Introduction

Cervical spondylotic myelopathy (CSM), as a common senile degenerative disease, has become a worldwide health problem, bringing serious burdens to individuals and society1. The pathogenesis of CSM is thought to be related to spinal cord compression, but the exact pathophysiological mechanism remains unclear2. Currently, the main treatment for CSM is spinal cord decompression by surgery, but the efficacy of surgery varies with individual differences3,4. Preoperatively, the severity of the disease is mainly evaluated based on the patient's symptoms and imaging parameters, but this pattern still has certain limitations in predicting the patient's curative effect5. Previous studies have shown that preoperative factors such as age, severity of spinal cord compromise, duration of symptoms, comorbidities and cervical sagittal alignment can affect the prognosis of patients6,7,8,9,10. Nevertheless, in most of these studies patient classification is based on research purposes and clinical experience, leading to limitation of patient characteristics, patient-based assessment such as the quality of life and inconsideration of confounding factors.
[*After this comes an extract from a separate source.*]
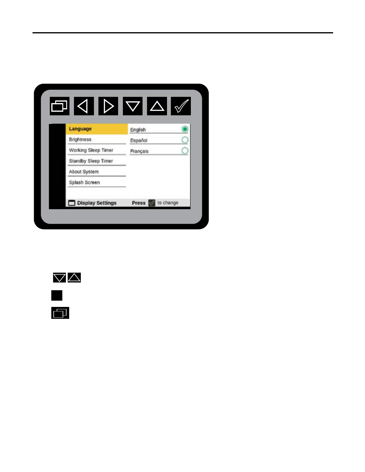 The Language Menu will allow selecting English, Spanish, and French. The default Language
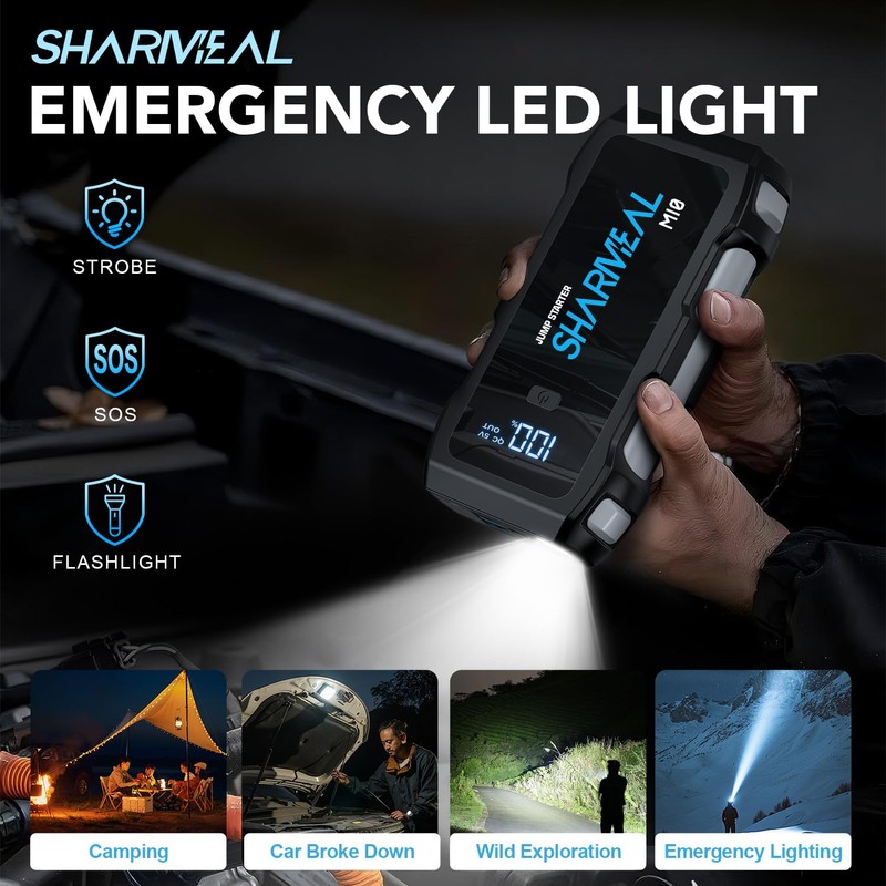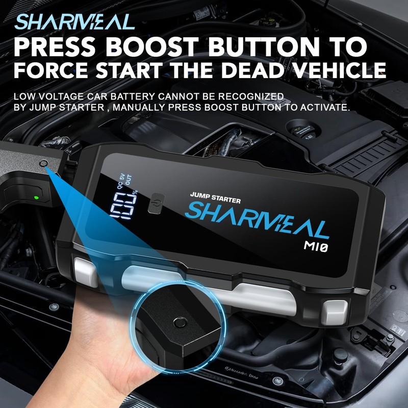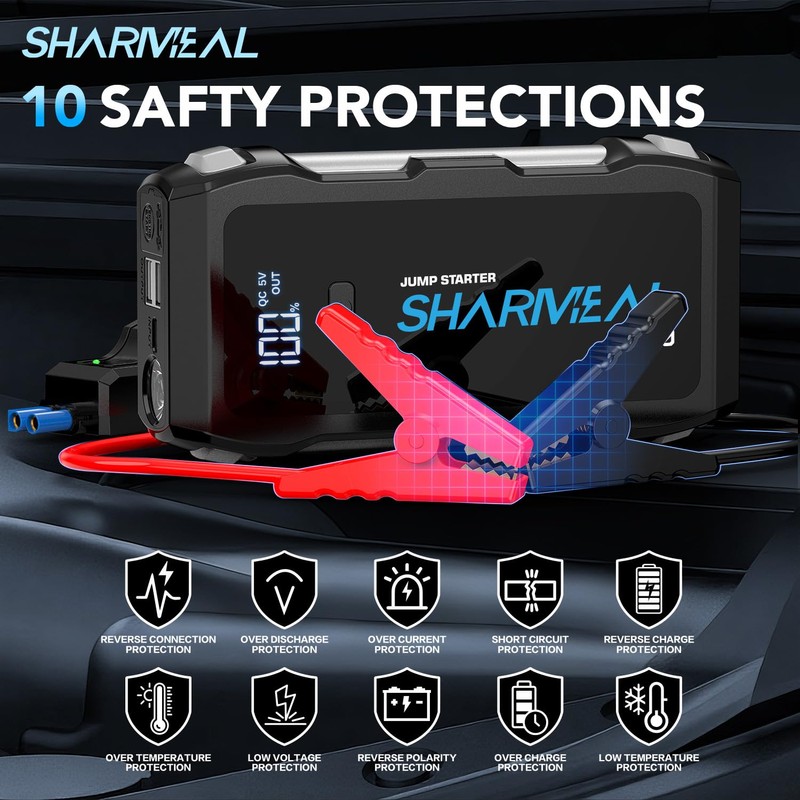 - 【Start Dead Batteries】The Sharmeal car battery jump starter power pack with 5500A peak, safely start the 12V vehicles in seconds with this booster(up to 10.0L gasoline/9.0L diesel engines). It is suitable for cars, trucks, motorcycles, boats, rvs, tractors, snowmobiles, etc.

As an exploratory data analysis method, cluster analysis refers to the analysis process of grouping a collection of samples into multiple categories composed of similar samples, so that the samples have a high degree of intra-group similarity and inter-group difference. In this process, cluster analysis can automatically classify from sample data without relying on the classification criteria given by researchers in advance. Therefore, from the perspective of machine learning, cluster analysis is an unsupervised learning process. Cluster analysis based on unsupervised machine learning can improve the classification of disease phenotypes and patients in studies11,12, and with incorporating more clinical features, previously unobvious data associations and structures may be revealed13. In this study, it is assumed that there are clinically related groups in existing CSM patients that transcend the previous prior classification, and hierarchical clustering is applied to explore the types of patients, and the types of patients generated by the clustering are analyzed, so as to identify the preoperative related factors with predictive significance for the mixed system, and to determine which patients have the best surgical effect.

Data and methods

General information

Based on the clinical big data research platform of our institution, data of CSM patients who received surgical treatment in our hospital from January 2012 to December 2020 were collected. Inclusion criteria: (1) CSM patients diagnosed by orthopedics and undergoing surgical treatment (anterior cervical discectomy and fusion [ACDF] or laminoplasty [LP]); (2) Age > 18 years old; (3) Complete preoperative baseline data and follow-up data including at least one short-term (≤ 6 months) and one long-term (≥ 12 months) follow-up. Exclusion criteria: (1) previous history of neck surgery; (2) unqualified follow-up time; (3) patients with traumatic myelopathy or cervical spine deformities.

Baseline data

  1. 1.

    Population characteristics: gender, age, smoking and alcohol consumption history.

  2. 2.

    Clinical symptoms: numbness, neck and shoulder pain, chest and abdominal banding sensation, plantal cotton-stepping sensation, fine motor loss, gait abnormality, sympathetic symptoms;

  3. 3.

    Physical examination: muscular atrophy, muscle strength loss, abnormal reflexes, positive pathological signs (included Rossolimo’s sign, Hoffmann’s sign or Babinski’s sign), positive Eaton test, positive Spurling test;

  4. 4.

    Scoring Information: modified Japanese Orthopedic Association score (mJOA)14 and Quality of Life Short Form 36 (SF-36) scale15 were used to assess cervical spinal cord function and preoperative quality of life respectively.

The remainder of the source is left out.